In a normal offseason, this week would have been the beginning of Phase 3 of the NFL offseason. In this phase, teams would begin implementing their schemes and have mandatory minicamp for the players. The coronavirus pandemic has essentially cancelled any hopes for a minicamp, but teams were still permitted this week to enter Phase 3 virtually.
However, the Detroit Lions have decided to put that on hold for the time being. Given the recent protests sprung by police brutality—specifically the killing of George Floyd—head coach Matt Patricia and the rest of the Lions coaching staff decided that team meetings this week would be better served as a conversation forum about race. The football talk could wait.
Albert Breer of The MMBQ has the full story here.
So Monday, the Lions spent their virtual meeting—with over 120 people on it—allowing anyone who wanted to speak up tell their story or share their feelings. On Tuesday, they broke into smaller, more intimate groups and did it again.
“It was just about listening and making sure we tried to get on and open it up for conversation, real conversation, truthful conversation, honest conversation, heartfelt conversation,” Patricia told Breer. “And really, honestly, credit to my players for leading that.
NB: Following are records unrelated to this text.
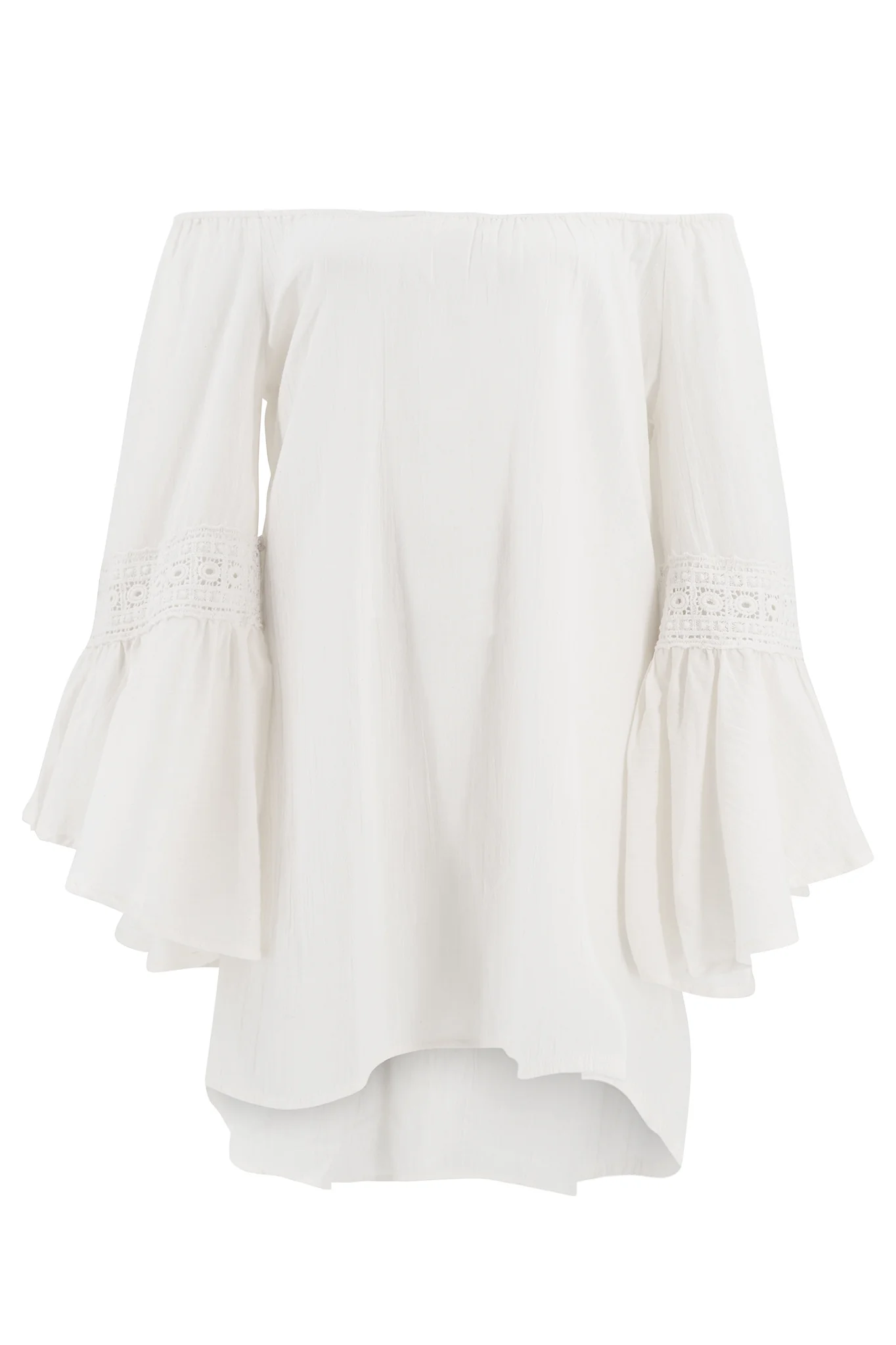 Deze Tunic Maisa Ivory van ibzmode in het ivory ademt Ibiza vibes. Heeft een off shoulder model, elastische band in de hals, bewerkt met crochet details Het natuurlijke materiaal zorgt voor een luchtige feel. Nu verkrijgbaar bij ibizamode – ontdek meer op Brands of Ibiza.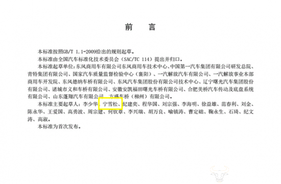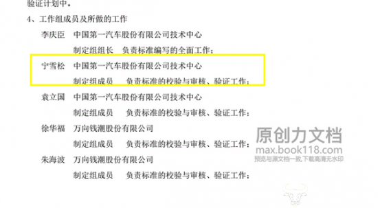 2018年,《汽车传动轴总成技术条件及台架试验方法》标准编制说明中曾出现过宁雪松的名字。如果两个宁雪松是同一个人没说明他当时服务于中国第一汽车股份有限公司技术中心,是该文件的编制成员之一。
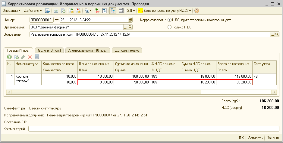 - Сформировать на основании документа "Корректировка реализации" документ учетной системы "Счет-фактура выданный", щелкнув по ссылке Ввести счет-фактуру в окне документа.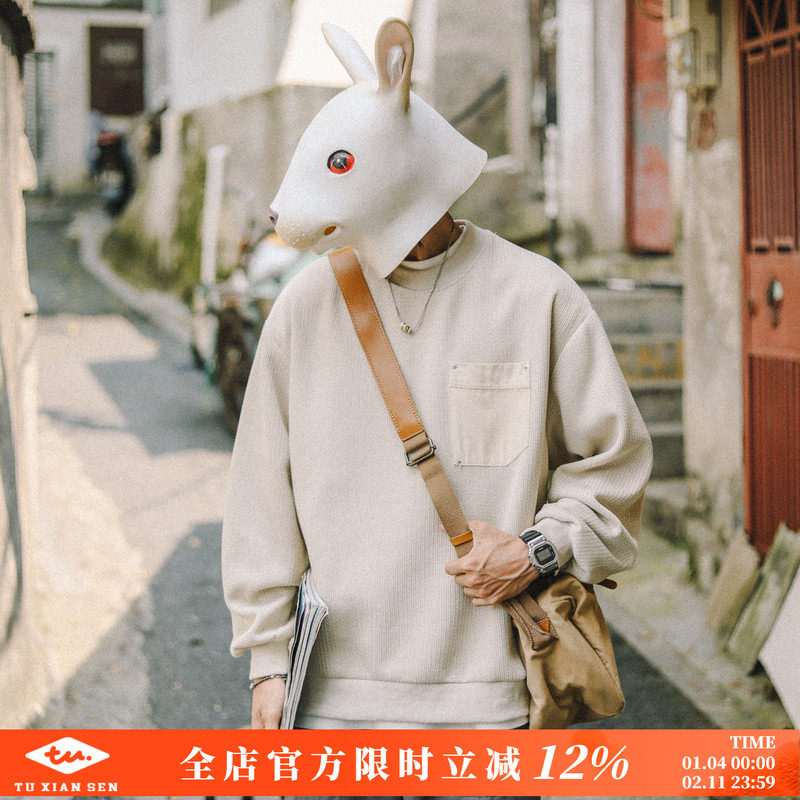 兔先森春秋日系复古口袋拼接重磅圆领卫衣男潮牌宽松休闲情侣上衣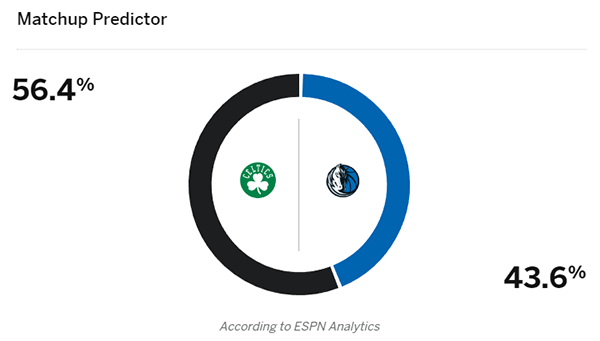ESPN已经公布总决赛G3胜率——凯尔特人56.4%,独行侠43.6%;即使客场作战,ESPN仍旧看好绿军拿下第三场。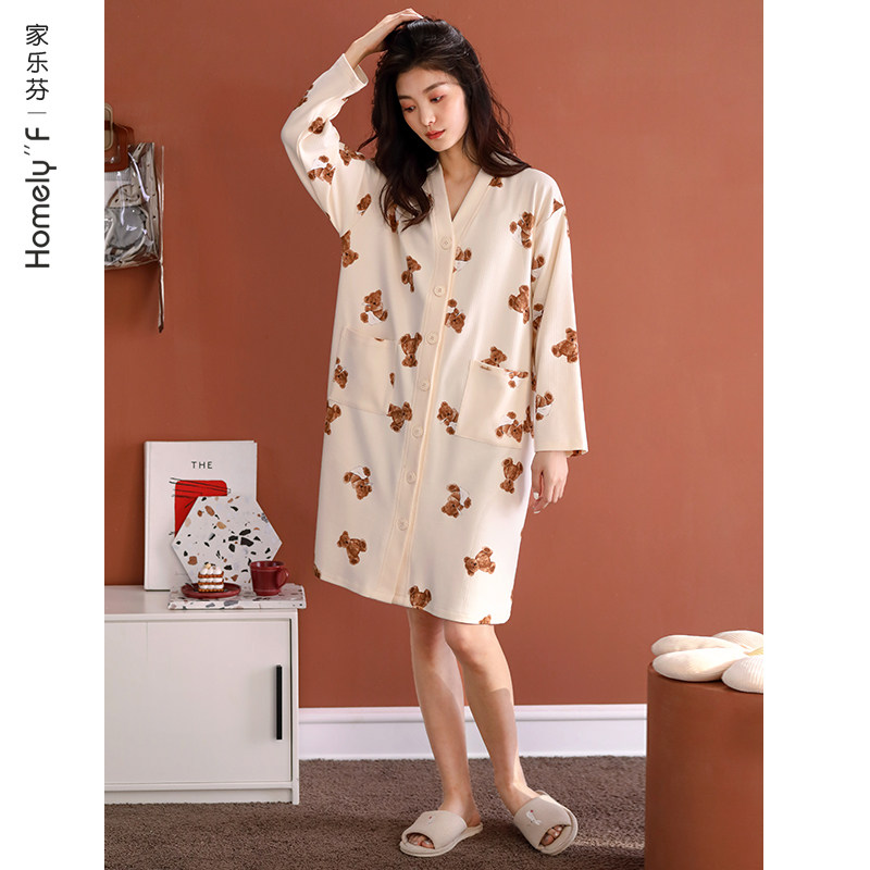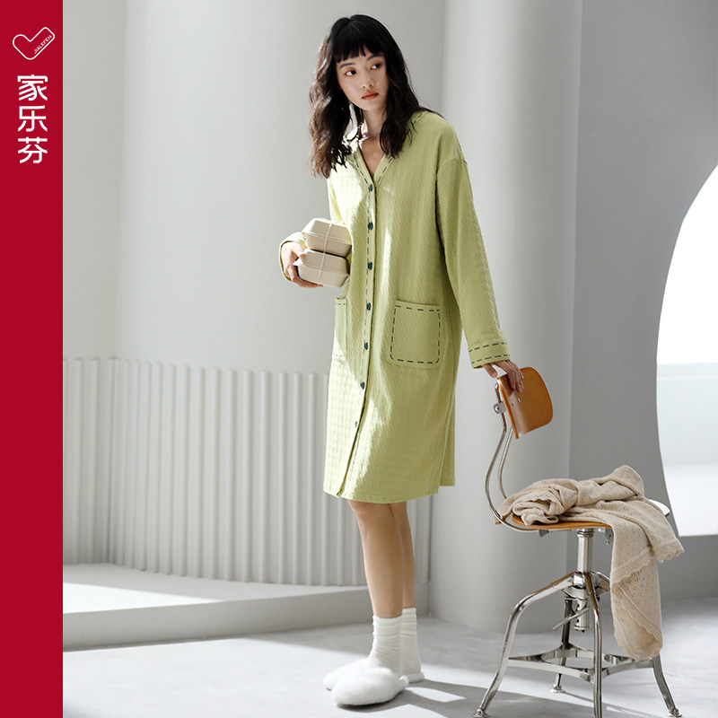 家乐芬睡裙女士睡衣春秋款秋季长袖纯棉薄款开衫长款衬衫大码休闲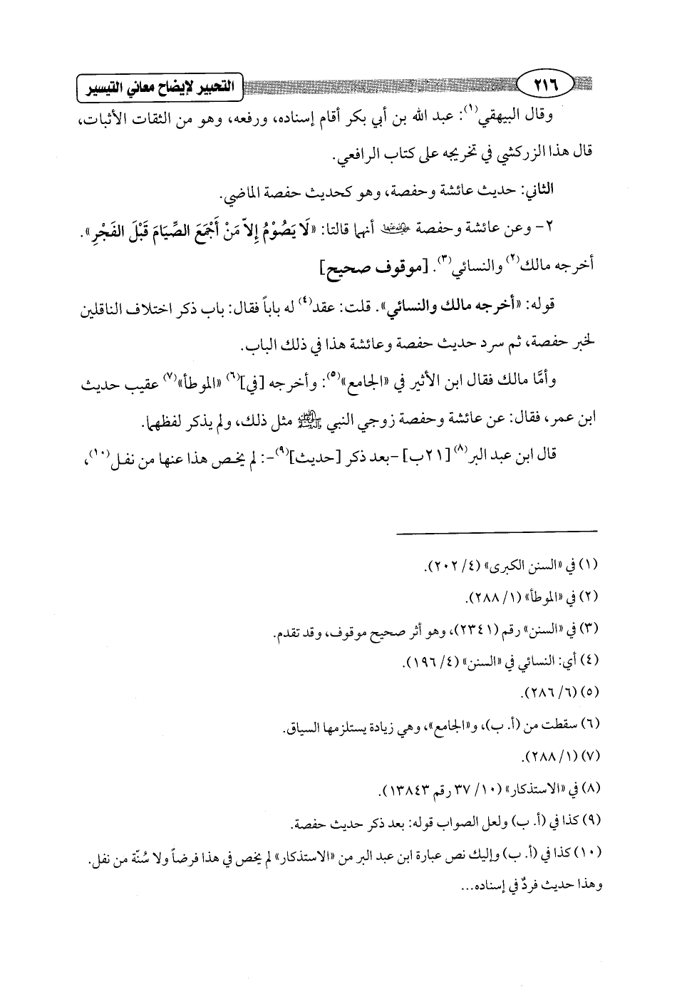 (¬9) كذا في (أ. ب) ولعل الصواب قوله: بعد ذكر حديث حفصة.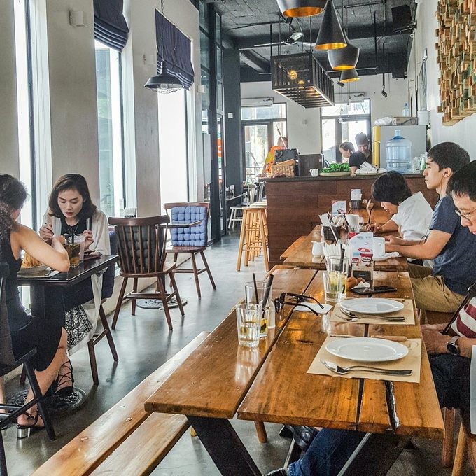 Không chỉ thoáng đãng, quán vừa có chỗ ngồi bên trong yên tĩnh cho người làm việc, đọc sách, vừa có một khu vườn nhỏ trồng cây leo xanh mát. Thực đơn đồ uống và ăn đều đa dạng. Giá đồ uống mỗi món từ 38.000 đồng và đồ ăn từ 30.000 đồng.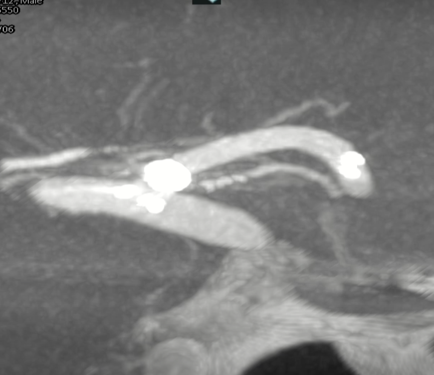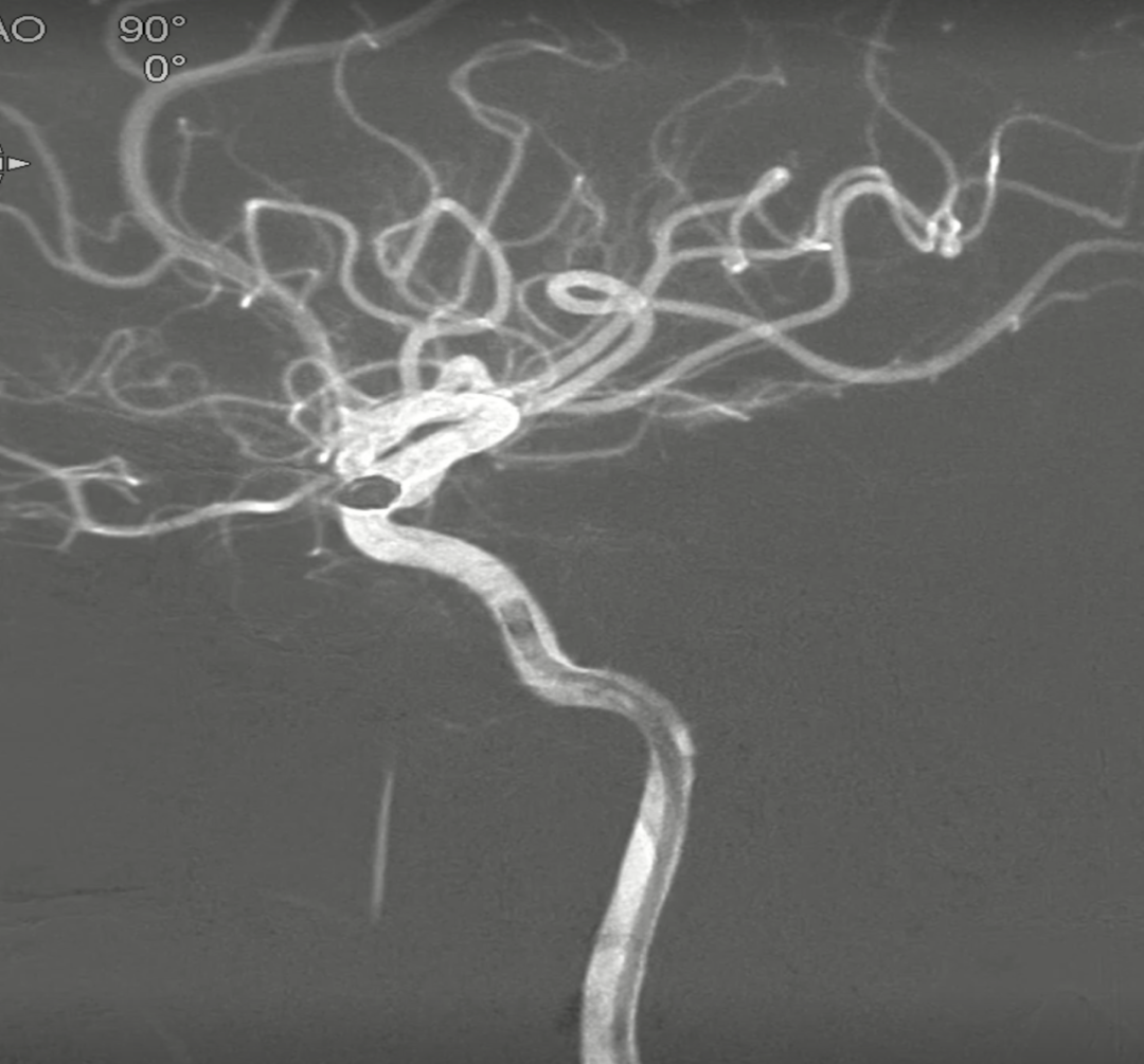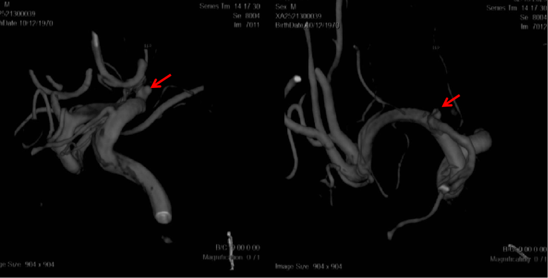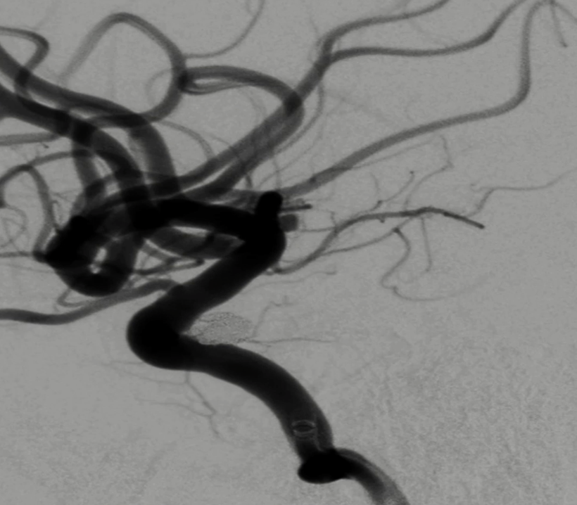 既往史:2年前体检发现左侧颈内动脉眼动脉段动脉瘤行单栓治疗。

They’re the ones that really were able to get it to where it became so powerful.”
Patricia, himself, desired to simply be a listener. A football team provides an array of different backgrounds and cultures that many aren’t privy to. As someone who typically leads and directs, Patricia isn’t built to stand back and listen, but he stressed the importance of it when it comes to these issues.
“The hardest thing for me is to ever walk into a meeting and say, ‘I don’t understand and I don’t have the answers on this. What do we do?’
“That’s the truth. You walk in there and say, ‘Fellas, listen, I love you and I’m here for you. But I’m here to listen right now, and just know that I have your back. And I support you and I’m here for you because I love you. But I really think I gotta listen.’”
Going forward, the plan isn’t clear for the Lions. Patricia told Breer that football talk will continue only when everyone is ready. And even then, the conversation won’t end, it’ll just be supplemented with football talk.
“I think the one thing to understand there—we won’t move away from the conversation. It’s just, at some point, you’re having the conversation and then you’re also working on what we do, which is football.”
The Detroit Lions have yet to release any sort of public statement this week regarding systemic racism or police brutality, but a response is expected in the near future.